Download the manual at zimo.at 
And if you have an Aristo or USA with fan driven smoke, these decoders will drive those with fan control and 3 heater settings. 
Of course this does not help you with present decoders, but can be something to think about for future purchases. Motor, light, sound, servo, smoke control all in one decoder and for less than $200.


----------



## mbendebba (Jan 22, 2011)

Gavin: 

Both the Massoth eMOTION 8FL along with the Massoth 6 volt regulator and the Massoth eMOTION 8FS would do the job. When it becomes available the 8FS would cost about $10 less than the 8FL paired with the Massoth 6V regular; it will also take let space. 

Mohammed 
http://www.massothusa.com


----------



## Cougar Rock Rail (Jan 2, 2008)

Hi Gavin, 

Since you are talking about putting them in cabooses, and not locomotives, I would also lean towards the Massoth 8FL with the voltage regulator until the new 8FS comes out. I have used that exact system on a working hopper car and really like the programmability of the Massoth decoders. 

For locomotives, it's a little different and then I would do as Dan suggests, and go with a sound decoder with the built in servo control and onboard voltage regulation. I am just putting a Zimo 695KV in a diesel project and it's really convenient to have the easy onboard plug in for the servos.
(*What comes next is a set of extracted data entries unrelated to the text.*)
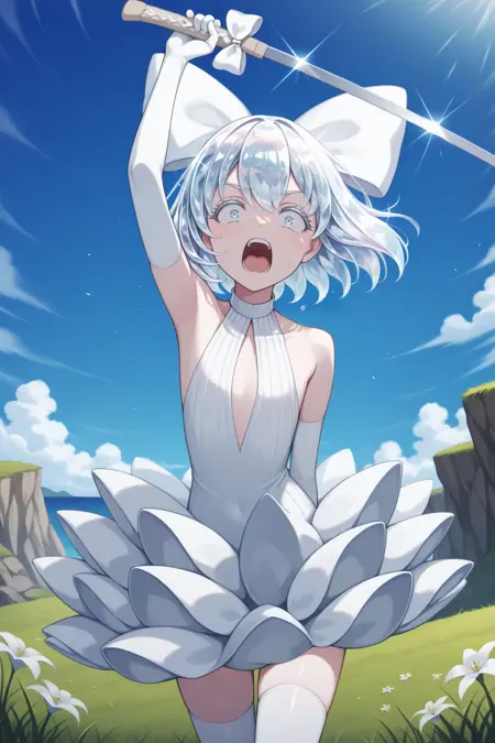 服装3:发带蝴蝶结,白色蝴蝶结,白色连衣裙,花朵装饰,芭蕾舞裙,服装镂空,中央开口,无袖,肘部手套,白色手套,白色过膝袜
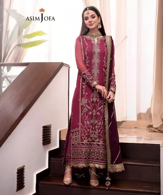 Regal Maroon Embroidered Chiffon Suit with Heavy Gold Sequins
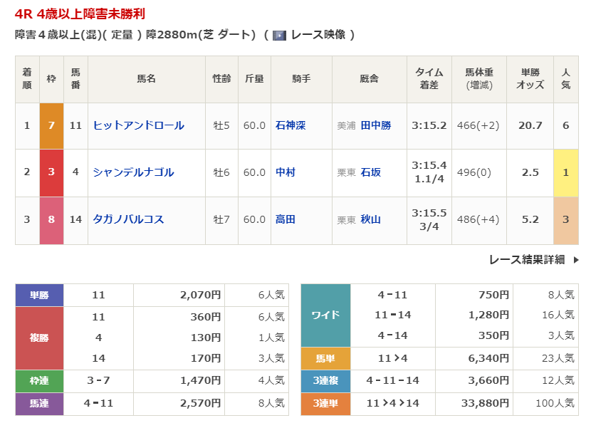 - 1/12【中山4R】4歳以上障害未勝利
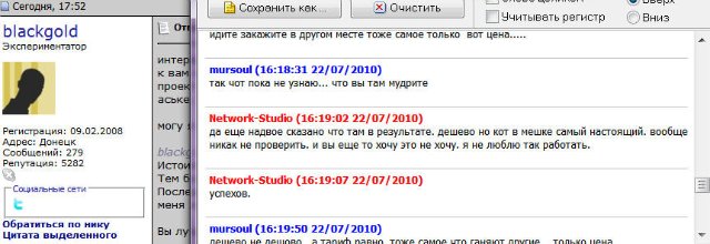 Не адекват обыкновенный. ВАм отказали в прогоне. А вы тут изливаете... а меня в аське не хорошими словами.... Можете всю переписку приложить для полноты картины. Пусть народ посмеется над вами.
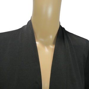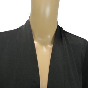 This open cardigan with short sleeves is a versatile and modern piece. It features a open front and elastic style back waist. This allows for easy layering over different outfits The short sleeves gives it a casual and breezy feel, while the length creates a flattering silhouette, making it perfect for paring with high waisted jeans or skirts. Its lightweight design makes it perfect for transitioning between seasons.

The only downside I've found with the Zimo decoders is the programming can be a little confusing and takes a little more time to digest. Normally I prefer Massoth decoders but in this case they didn't have the specific sound I needed, and their new decoders with the onboard power and direct servo plug-in aren't available yet. 
I've been using quite a few of the Massoth hook and loop style auto-uncouplers and they work great, but I'm assuming you are using knuckle couplers. I am looking forward to the new 8FS decoder...any idea on delivery Mohammed? 

Keith 



Keith


----------



## mbendebba (Jan 22, 2011)

Hello Keith: 

It is supposed to be here by the end of the year. 

I have just finished installing a couple of automatic uncouplers, one in the LGB diesel locomotive from the European toy train starter set and another in the new LGB porter. They work like a charm. 

Mohammed 
http://www.massothusa.com


----------